We weren't wrong. The public started arriving way before we were ready and kept on coming - queues and queues of them non-stop from mid morning till we could start to close the 'shop' with relief at 6pm. We were a bit disorganised  and short staffed and did not get our 'clicker' head-count thingy out, so we can only estimate but it was definitely a record, and might have been as many as 900 or 1000 but they all got a proper show round, a chance to photo themselves by the ship's wheel, for the kids to try out a hammock and to see the (107 year) old restored Captain's Cabin aft, and the "new yachty bit" (accommodation) for'd. We talked them through the history of the barge and the restoration and present use as both the 'Sea Change' boat, but also the Rotary-sponsored Respite-for-Young-Carers role. We encouraged them to drop a few quid in our box, write a comment in the Visitors' Book, and buy books, pens, book marks etc from the shop.

We were so busy that a number of pots of tea were made but then went cold and stewed where nobody had time to stop for a cup, and most of us had abandoned mugs of cold coffee or tea 'parked' around various bits of barge.

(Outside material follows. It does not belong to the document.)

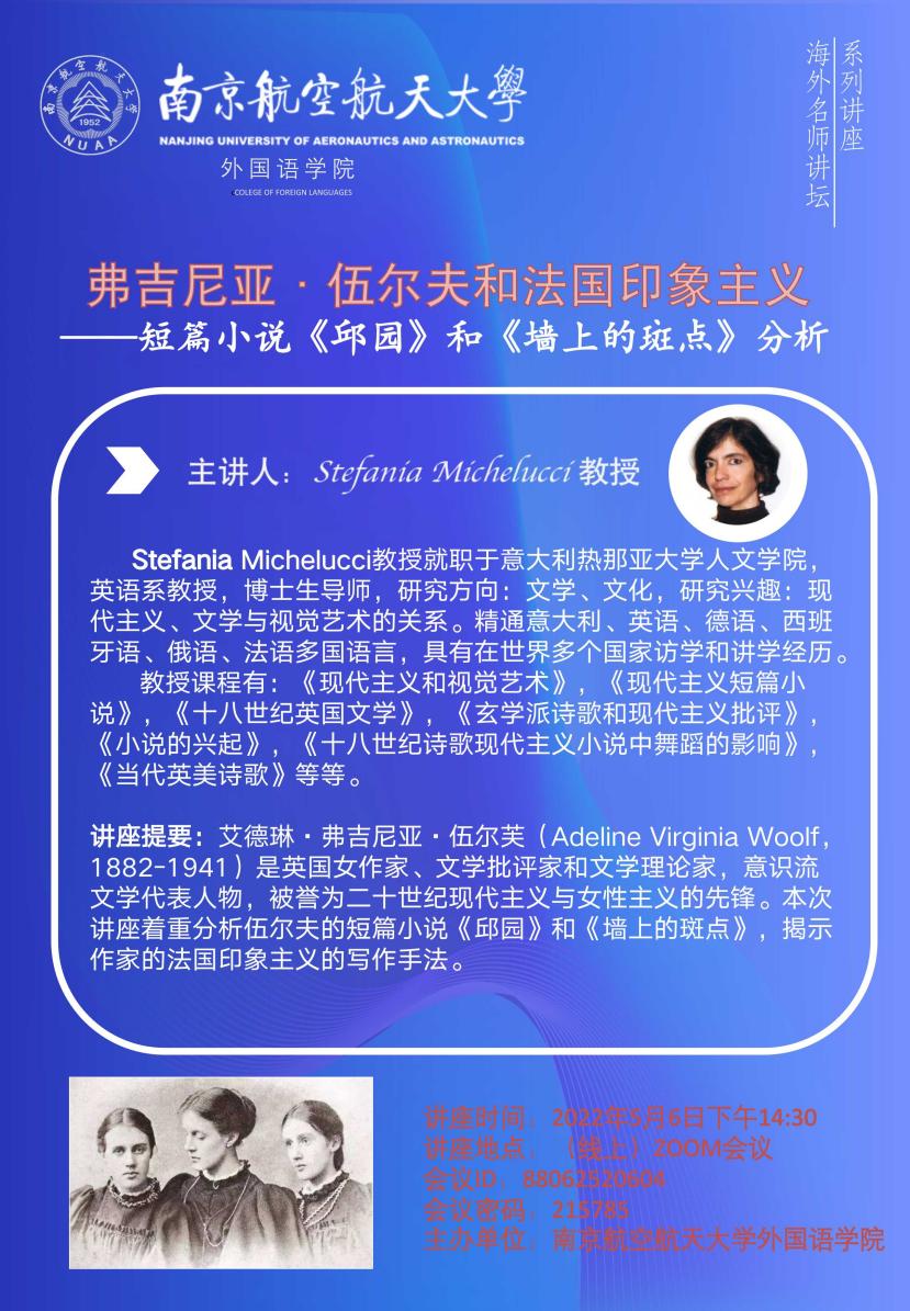 2022年5月6日下午14:30,洞洞杂货店 主办了又一场”海外名家讲坛”系列的跨境线上讲座,主讲人为意大利热那亚大学校长助理、人文学院英语系教授Stefania Michelucci,讲座主题为“弗吉尼亚·伍尔夫和法国印象主义—短篇小说《邱园》和《墙上的斑点》分析”。本次讲座别开生面,不仅有南航、南农师生等高等院校通过线上形式参与,同时意大利热那亚大学师生在线上和线下聆听,是一场中意师生共同参与的线上国际课堂。

At one stage I was bounced by a lady from a local radio station who asked me to give her a potted version of my spiel in 3 minutes into the microphone. I did OK, managed it without stumbling and she said she liked my 'rich' voice, but I have no idea which radio station I was on (West of London Radio?) or whether it was ever transmitted. It was meant to be going out on the Monday.

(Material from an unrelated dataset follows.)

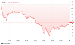 - NWSBCT Index for Blue Chips: Focusing on the more established cryptocurrencies, colloquially known as the “Blue Chips”. The index fell steadily through the afternoon, briefly stabilizing near 6.90 before recovering modestly to 6.96 by 19:00 CET. 🧭 Market structure is firmly bearish with no confirmed reversal; the next support lies around 6.85, while resistance looms near 7.10.

It was mad, too, on the Sunday but by then we'd been joined by 2 more staff so we were able to properly man the gangway and count people on board, as well as controlling the flow a bit. We know that we had 919 souls that day and sometimes 48-50 on board at once. It was thick and fast again but great fun. After 6:30 pm each evening the boat was ours and we could relax and recover. The marina had set up with the marina-side eateries, for boat 'owners' to get discounts, so we ate in a lovely Italian (20% off) on two of the nights and a Wetherspoon's on another night. The marina also has a lovely office building with showers and loos for the berth-holders and a restaurant upstairs

The Monday was a whole different kettle of fish. It lashed with rain and it was, anyway, a Monday, so all the kids were back at school and grown-ups back at work, so we had a big fat zero visitors before lunch and only 6 all day. They got luxury treatment, of course, but we were able to 'lay off' three of our staff mid afternoon to let them get home prior to the rush hour. We watched old barge videos and kipped in the hammock. At one stage, Cambria Trust Patron, David Suchet (yes - he of the Poirot role) phoned the barge. It turns out he has a flat at St Kat's, overlooking our berth so we all rushed out onto the deck to wave at him up at his window. We could hear his wife in the background telling him not to be so silly!

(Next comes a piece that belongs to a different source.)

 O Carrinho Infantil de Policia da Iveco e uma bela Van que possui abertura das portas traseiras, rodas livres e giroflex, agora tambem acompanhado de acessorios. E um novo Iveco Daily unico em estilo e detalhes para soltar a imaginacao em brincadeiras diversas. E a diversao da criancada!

Then it was Tuesday and I was done, with my flight home from Gatwick to Knock leaving at 12:50. I helped with the breakfast washing up, stripped my bunk and packed. I bade them all farewell (they are there till next Sunday, 15th) and trundled my wheelie-case back along the pontoons to Tower Hill underground. No sooner was my back turned, apparently than rock legend Rod Stewart and wife Penny Lancaster showed up and had a look round, as well as nicely allowing 'us' to photograph them on board etc for our own Facebook stuff.

But now it's all over, and we have come to the end of this year's planned visits out, or in and we are on the comfortable chill-out into autumn. It's been a blast.